I think we can say the same thing in a number of ways, and I've thought of a simple version (as below) but wonder if it sounds ok:
你家附近公交方便吗？


----------



## softserve

你家附近公交方便吗？Mmm...this sentence sounds a bit odd to my Taiwanese ears. I would add the word "搭" meaning to ride in the above sentence as in 你家附近"搭"公交方便嗎.?



xiaolijie said:


> I think we can say the same thing in a number of ways, and I've thought of a simple version (as below) but wonder if it sounds ok:
> 你家附近公交方便吗？


----------



## SuperXW

A related question: about the origin and usage of 公交. 
Maybe the abbreviated word was origined in Taiwan and later adapted by mainland Chinese. I remember when I was young in Beijing (1980s-90s) there wasn't a word of 公交, but only 公共汽车, 地铁 and 公共交通. 
Probably in the later years when "public transportation" has become so developed that people really need a convenient name for it, the abbreviation became popular.
I also know Hong Kongese won't say 公交. Some of them would even laugh at the word, since 交 means "intercourse"... 
So I guess the word was from Taiwan, not sure...
How about 公共汽车? Is that being said in Taiwan?


----------



## xiaolijie

softserve said:


> 你家附近公交方便吗？Mmm...this sentence sounds a bit odd to my Taiwanese ears. I would add the word "搭" meaning to ride in the above sentence as in 你家附近"搭"公交方便嗎.?

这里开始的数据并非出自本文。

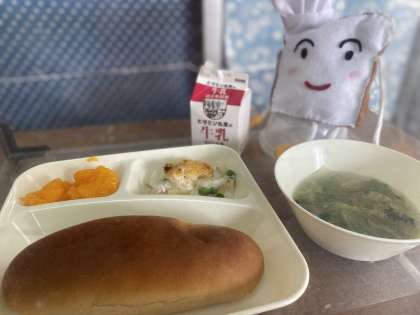 令和4年度初めての給食は、マカロニグラタン、レタスのスープ、みかん(缶)です。
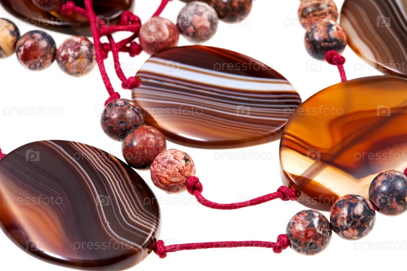 Ожерелье из агата на белом фоне

Thank you, softserve! Your suggestion sounds good but I think I've heard something like this: "你家附近，公共交通方便吗？". Do you see much difference between that and "你家附近, 公交方便吗？" ?


----------



## viajero_canjeado

SuperXW said:


> Maybe the abbreviated word was origined in Taiwan and later adapted by mainland Chinese. I remember when I was young in Beijing (1980s-90s) there wasn't a word of 公交, but only 公共汽车, 地铁 and 公共交通.
> So I guess the word was from Taiwan, not sure...
> How about 公共汽车? Is that being said in Taiwan?



Hey Super!

公共交通 is said here, but not 公交。 (對了，公交所指的只是公共汽車還是也包含地鐵，火車等等？）Also, Taiwanese people don't say 公共汽車，but rather 公車 or 巴士。 Maybe 公車 is short for 公共汽車, but I don't think people say it that way, (though it might be written that way occasionally).


----------



## SuperXW

I see. So in general, bus is:
Taiwan: 公車 巴士
Mainland: 公共汽车 公交车(大概也包括地铁) 巴士
Hong Kong: 巴士

To viajero, 在大陆，公交一般指市内的公共交通，也就是公共汽车和地铁。


----------



## Lyfia

从没听过公交车有包括地铁的意思……
另外“你家附近公交方便吗”这句话，在我看来“附近”二字会有些奇怪……因为某个地点的附近有很多公车的话，就是说明了这个地点的交通好。而说这个地点的附近交通好的话，就有点别扭了……但是把附近去掉之后，这个句子又变得好短（你家公交方便吗），让我觉得“公交”听起来怪怪的。
所以作为结论，我要么会说“你家交通便利吗”，要么会说“你家周围坐车发便吗”。（咦，才想到“坐车”也是个很日常的说法哦。好像这样说最自然了。）
另外对于“搭公交”这种说法，我也觉得不是很适合，可能在台湾是很常见的说法吧。但是我这样用的话，就会想到公交是公共交通的缩写，从而就会觉得“搭交通”是很奇怪的说法。


----------



## SuperXW

Lyfia said:


> 从没听过公交车有包括地铁的意思……
> 另外“你家附近公交方便吗”这句话，在我看来“附近”二字会有些奇怪……因为某个地点的附近有很多公车的话，就是说明了这个地点的交通好。而说这个地点的附近交通好的话，就有点别扭了……但是把附近去掉之后，这个句子又变得好短（你家公交方便吗），让我觉得“公交”听起来怪怪的。
> 所以作为结论，我要么会说“你家交通便利吗”，要么会说“你家周围坐车发便吗”。（咦，才想到“坐车”也是个很日常的说法哦。好像这样说最自然了。）
> 另外对于“搭公交”这种说法，我也觉得不是很适合，可能在台湾是很常见的说法吧。但是我这样用的话，就会想到公交是公共交通的缩写，从而就会觉得“搭交通”是很奇怪的说法。


1. 已确认"公交"是大陆的说法，港台都没有。
2. 我也不知道平时说"公交车"包不包括地铁，我很久没回北京了。不过一般"公交网站"上会包括地铁资料。
3. “你家附近公交方便吗”我听起来很顺耳啊，去掉"附近"也行……但不会讲“你家交通便利吗”，"交通便利"也太书面了……"坐车"也的确常说，但你把"附近"换成"周围"还不是一样？ 0.0
4. "搭公交"这种说法貌似也普及了。现在不顺耳的简称很多啦，"非典"、"春晚"……"打的"总也得说吧？听听就顺耳了，哈哈！


----------



## cindycc

你家附近有公交站或地铁站吗？


----------



## Lyfia

superxw said:


> 1. 已确认"公交"是大陆的说法，港台都没有。<br>
> 2. 我也不知道平时说"公交车"包不包括地铁，我很久没回北京了。不过一般"公交网站"上会包括地铁资料。<br>
> 3. “你家附近公交方便吗”我听起来很顺耳啊，去掉"附近"也行……但不会讲“你家交通便利吗”，"交通便利"也太书面了……"坐车"也的确常说，但你把"附近"换成"周围"还不是一样？ 0.0<br>
> 4. "搭公交"这种说法貌似也普及了。现在不顺耳的简称很多啦，"非典"、"春晚"……"打的"总也得说吧？听听就顺耳了，哈哈！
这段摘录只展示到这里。